The tile loop for a single stage:

for tile_idx in 0..num_tiles:
    1. Compute input row range: [start - halo_top, end + halo_bottom]
    2. Load input strip from slow memory into arena
    3. Execute all ops in stage on the strip
    4. Write output strip to slow memory
    5. Reset arena

3. Chain tiling

Two or more consecutive tileable stages form a chain when each stage has exactly one output feeding the next stage’s sole input. Chain tiling fuses the tile loops so all stages in the chain execute per tile iteration, and intermediate activations never leave SRAM.

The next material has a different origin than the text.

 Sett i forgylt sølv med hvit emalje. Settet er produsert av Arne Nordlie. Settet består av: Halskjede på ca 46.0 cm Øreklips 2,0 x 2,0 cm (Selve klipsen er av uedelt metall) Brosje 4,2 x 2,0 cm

                     SRAM arena
                ┌────────────────────┐
                │  Input tile        │ <-- from slow
                │  (stage 0 in)      │
                ├────────────────────┤
 Stage 0 ops -->│  Intermediate tile │ <-- stays in SRAM
                │                    │
                ├────────────────────┤
 Stage 1 ops -->│  Output tile       │ --> to slow
                │  (stage 1 out)     │
                └────────────────────┘

Only the first input and last output touch slow memory. Intermediates stay in the arena per tile.

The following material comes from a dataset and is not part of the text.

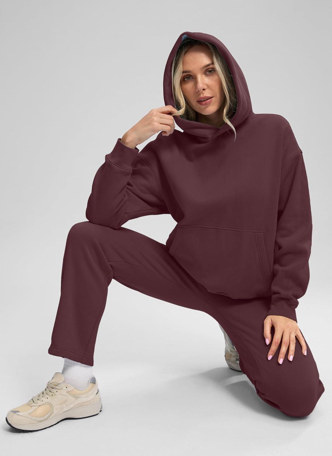 G Gradual Hoodies for Women Oversized Fleece Sweatshirt with Pocket Loose Fit Casual Athletic Workout Pullover(Wine)

Chain tiling gives the lowest spill overhead. For deep networks where many stages are individually tileable, chains can span many stages, eliminating most PSRAM traffic.

Op tileability

The compiler classifies every op to determine whether a stage can be tiled.

CategoryOperatorsTileableNotes
SpatialConv, DepthwiseConv, MaxPool, AvgPool, GlobalAveragePoolYesContribute to receptive field and halo
PointwiseAdd, Sub, Mul, Relu, Relu6, Sigmoid, HardSwishYesNo spatial extent, tile passthrough
Channel-wiseConcat, BatchNormYesOperate along channel axis only
ResampleResize, PadYesScale factors adjust tile geometry
StructuralFlatten, Reshape, TransposeNoRequire full spatial extent
DenseGemm, MatMul, SoftmaxNoOperate on entire flattened vector

A stage is tileable if:

  • It contains zero untileable ops.
  • It contains at most one spatial op (Conv, DepthwiseConv, Pool).

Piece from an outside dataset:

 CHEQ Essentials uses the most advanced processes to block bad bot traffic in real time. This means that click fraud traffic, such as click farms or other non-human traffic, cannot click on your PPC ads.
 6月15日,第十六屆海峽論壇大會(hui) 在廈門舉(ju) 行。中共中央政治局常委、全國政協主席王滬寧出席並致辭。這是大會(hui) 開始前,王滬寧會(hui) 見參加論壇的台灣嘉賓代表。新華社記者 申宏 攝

Stages with multiple spatial ops (e.g., a backbone block with Conv + MaxPool) fall back to normal execution with slow-memory overflow if they exceed the budget.

Receptive field and halo

The receptive field determines how many input rows are needed to produce one output row across the entire stage.

Calculation

Walk spatial ops in reverse execution order, accumulating the receptive field:

RF = 1
cumulative_stride = 1

for each spatial op in reverse order:
    eff_kernel = kernel_h + (kernel_h - 1) * (dilation_h - 1)
    RF = RF + (eff_kernel - 1) * cumulative_stride
    cumulative_stride = cumulative_stride * stride_h

The halo is:

halo = RF - 1

Examples

Op sequenceKernelStrideDilationRFHalo
3x3 Conv31132
5x5 Conv51154
3x3 Conv, stride 232132
3x3 DWConv + 3x3 Conv3+31+11+154
3x3 dilated Conv (d=2)31254

Tile height selection

Given the stage’s peak memory peak at full height H, the target tile height is:

tile_h = floor(budget * H / peak) - halo

The number of tiles:

num_tiles = ceil(H / tile_h)

Tiled peak memory:

tiled_peak ≈ peak * (tile_h + halo) / H

Redundant computation overhead:

overhead_bytes = halo * input_width * channels * (num_tiles - 1)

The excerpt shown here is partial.